- Born: July 26, 1891 Hiawatha, Kansas, United States
- Died: September 10, 1975 (aged 84) Collinsville, Oklahoma, United States
- Education: University of Oklahoma
- Occupation: Librarian

= Ruth Brown (librarian) =

American librarian (1891–1975)

Ruth Winifred Brown (July 26, 1891 – September 10, 1975) was an American librarian, best known for her dismissal from service for civil rights activities in the late 1940s. On July 25, 1950, she was dismissed after 30 years of service as the Bartlesville, Oklahoma public librarian. She was relieved of her duties in 1950 on the accusation that she was a communist because of her desegregation activities. She was accused of providing subversive materials to the public and indoctrinating children against the United States; however, it was widely believed at the time that her dismissal was in response to her activities promoting the equality of African-Americans.

==Life==
Brown was born in Hiawatha, Kansas on July 26, 1891, to Silas and Jennie Brown, who were both from New England. She lived with her parents and brother Merrit in Kansas until the family moved to California. Brown attended high school in California and then went to Northwestern State Normal School in Alva, Oklahoma. Graduating in 1910, Brown then attended the University of Oklahoma, graduating in 1915. Brown also attended the Columbia University School of Library Service during summers, where she worked with Helen E. Haines and Ernestine Rose. Brown taught in Eufaula and Nowata but chose not to continue teaching. Instead, she moved to the small town of Bartlesville in 1919, where her parents then lived. In November 1919, Brown accepted a librarian position at the local Carnegie library in Bartlesville. She knew all the children who visited the library by name and even persuaded some to become librarians.

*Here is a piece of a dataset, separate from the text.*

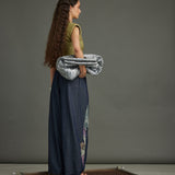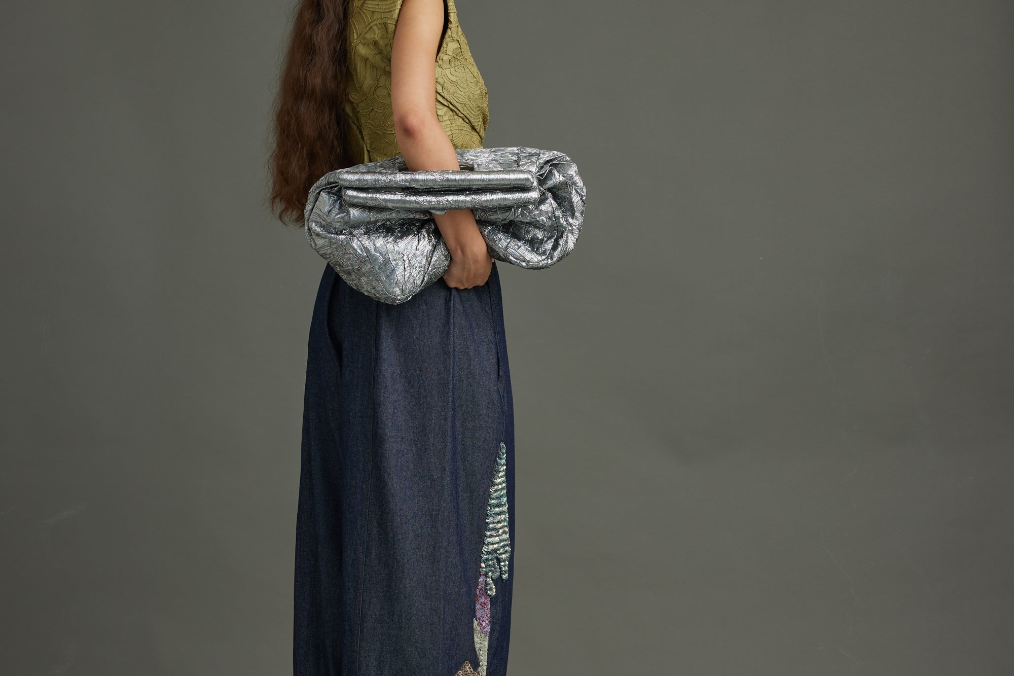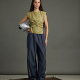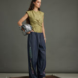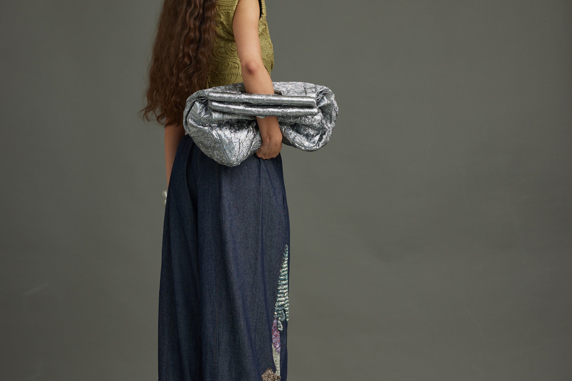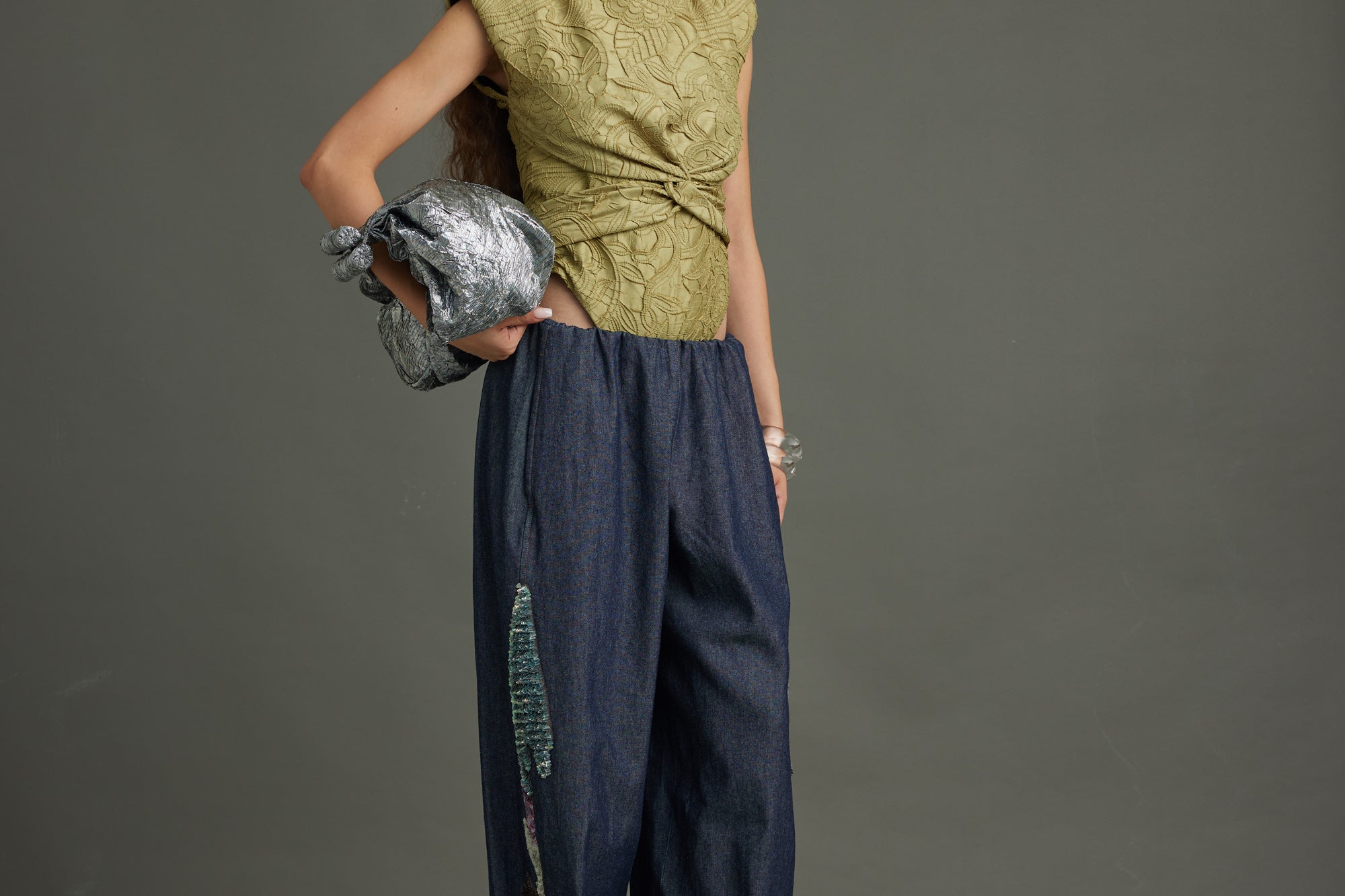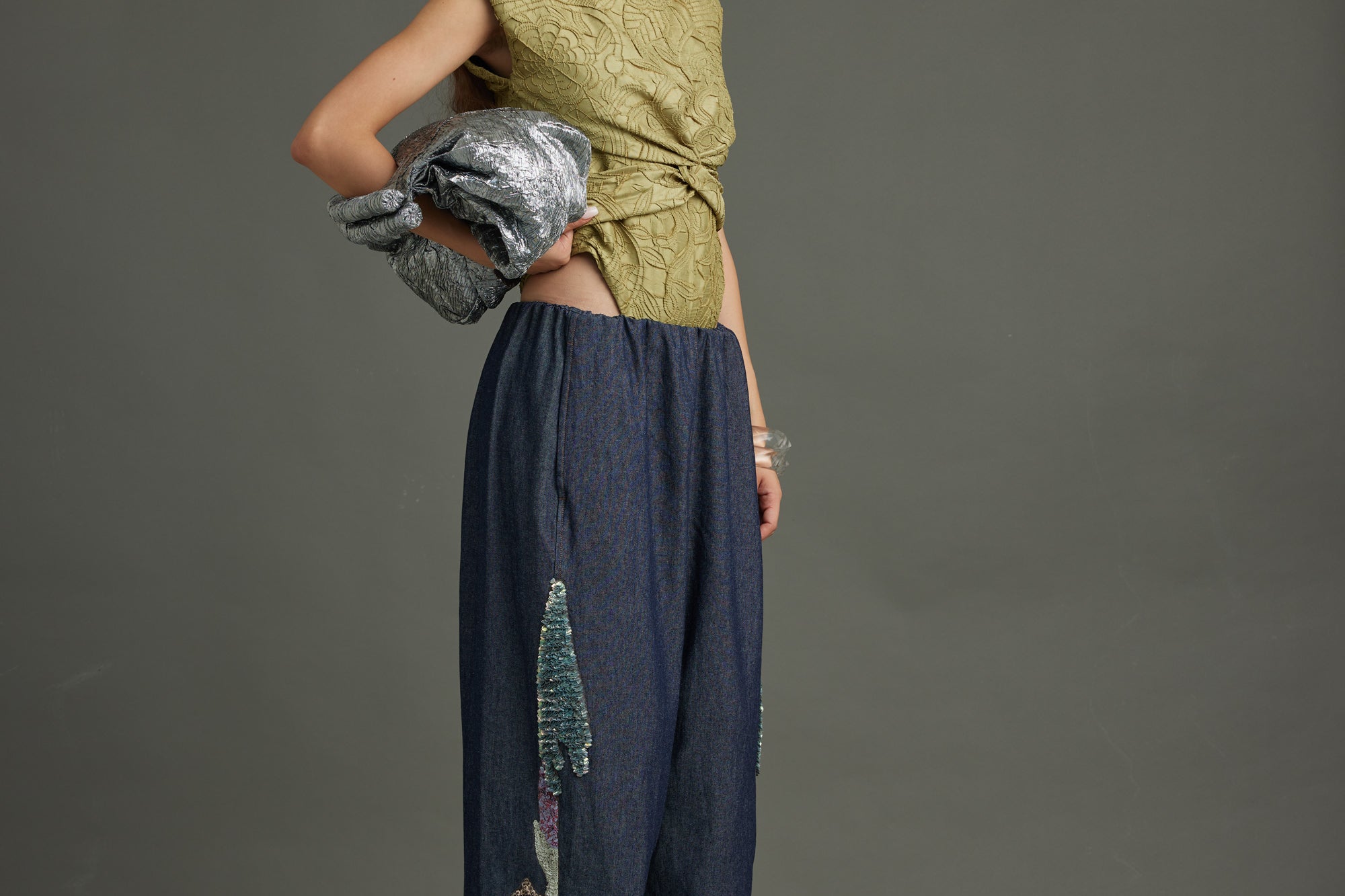These denims exaggerated in the Farshi-style feature the prism lightening artwork in the front panels. The elasticated waistband with drawstring provides a relaxed, adjustable fit. Princess seams on the front and back create a beautifully draped Farshi silhouette.

Active in the Oklahoma Library Association, Brown was elected secretary in 1920, treasurer in 1926, and president in 1931. During her presidential year, she gave a speech which advised librarians to "reduce to a minimum worry about lost books" and to encourage the many who did not "make use of their right to library service." She stated that libraries should provide "recreational culture suited to all needs" of the community they served, which was a forward-thinking idea for libraries at that time. Brown believed that the library should be both a repository for information and a source for recreation.

Brown was a library advocate during the Great Depression and provided materials for the unemployed men in the community and their families. She documented how her materials were used, sometimes in great detail. She was also a strong believer in the principle of "equity of access" and was committed to racial equality in the public library.

==Activities leading to dismissal==

The original Bartlesville Public Library where Ruth Brown worked.

In 1946, Brown helped established the Committee on the Practice of Democracy (COPD) in Bartlesville. The COPD worked to improve "relations among people of all race [and] to foster improvement of conditions arising out of discrimination based on race, creed, or color." Later the same year, the Bartlesville chapter of COPD affiliated with the Congress of Racial Equality (CORE), becoming the only chapter of CORE below the Mason–Dixon line. The group recruited an African-American doctor to live and work in the black community of Bartlesville. They, together with the YWCA, sponsored interracial conferences and seminars.

In 1939, only 99 of the 774 Southern public libraries provided services for African American patrons. In the Bartlesville Public Library, Brown had been providing service to African Americans since the 1920s. By 1950, the library subscribed to Ebony and Negro Digest. Brown was also interested in integrating the children's storytime but was dissuaded from doing so by the library commission. She then turned her attention to an educational exhibit on "Negro Culture from Africa to Today". Brown upset some in the community when she took two female African-American teachers to a local diner in downtown Bartlesville. The diner refused to serve them and Brown and her companions staged a sit-in. She took African-American friends with her to church and promoted a lecture by Bayard Rustin, an African-American Quaker pacifist. The leaders of the community then began to work to remove Brown.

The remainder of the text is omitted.